Padmé, like Leia in the original trilogy, is the lone main female character in the prequels, and I do love her. Unlike Leia, Padmé is not ruled by anger, and yet she never shows the slightest ability to use the Force. And she is not at all like me, with her fearless leadership and ability to stand before crowds and speak with authority.

I have always had no issue identifying with characters who are not my gender. King Arthur, Jim Hawkins, Jean Val Jean, Atticus Finch, Sherlock Holmes, Par Ohmsford, Alec Ramsay, Tom Sawyer, Luke Skywalker, Clark Kent, Bilbo Baggins, and Harry Potter each helped define my growing up into who I am today.
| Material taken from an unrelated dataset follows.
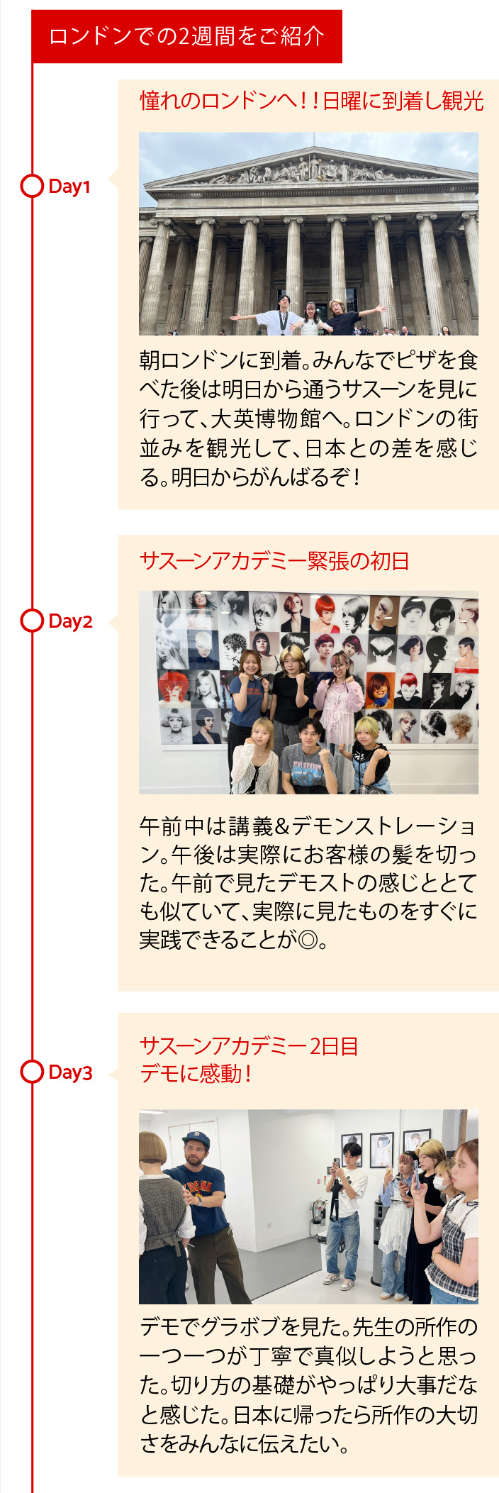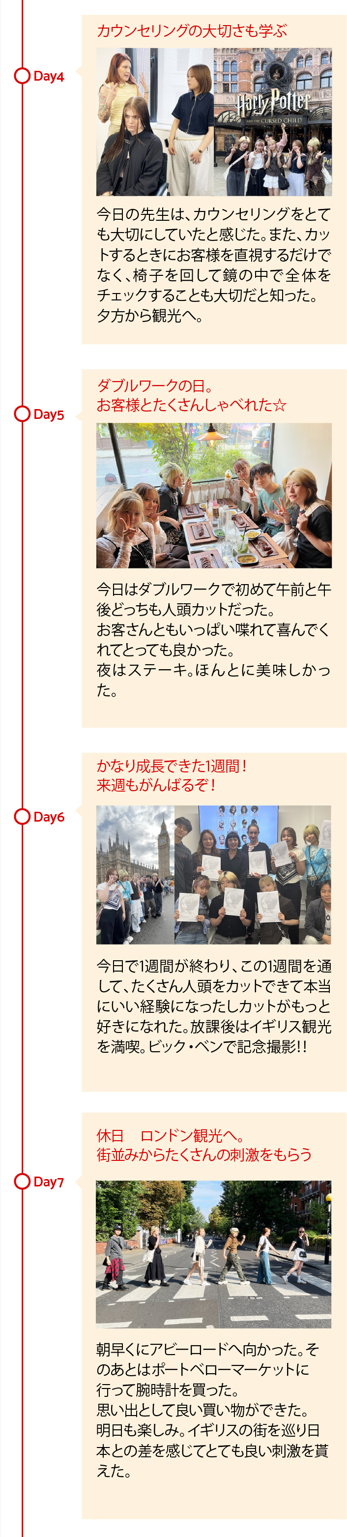 この2週間、何よりうれしかったの何度かチップをいただけたことです。カットしたスタイルをお客様に心から喜んでもらえる瞬間は、美容師を目指そうと思った最初の気持ちを思い出させてくれました。さらにサスーンで学んだのは「ただ技術を習得すること」以上に、その裏にある理論と姿勢です。基礎を大切にし、シンプルに考え丁寧に積み重ねにて行くこと。その一つ一つが自分の中に残り、今後の大きな財産になると感じています。

And yet, I have a special place in my heart for Hermione, who loves to learn; for Menolly, whose love of music defines her; for Anne Shirley, who lives and breathes poetry; for Lucy Pevensie, who believes despite what others say; for Alice, who tries to make sense of a senseless world; for Meg Murry, who will stop at nothing to save her little brother; for Wendy, who is a surrogate mother to a bunch of boys; for Belle, who sees beyond the outward appearance to the heart. These too, made me who I am.

I never wanted to be a princess and, really, I never wanted to be a warrior. I want to be the hero who uses their brain and heart. Not that there’s anything wrong with being a princess or a warrior, it’s just not my personal desire. However, I always wanted to be a Jedi.

In The Force Awakens, I identify most strongly with Finn, who balks at the order to kill, who runs away and then comes back to help a friend. And yet… and yet. Rey, who is comfortable alone, who is confident in her own abilities, who feels as protective of Finn as he is of her, is finally—finally!—a female main character in which I can see so much of myself. Little girls today have a hero in Star Wars who shows them that they too can be a hero, that they can be a Jedi. Finally, because of Rey, I truly can see the Jedi within me.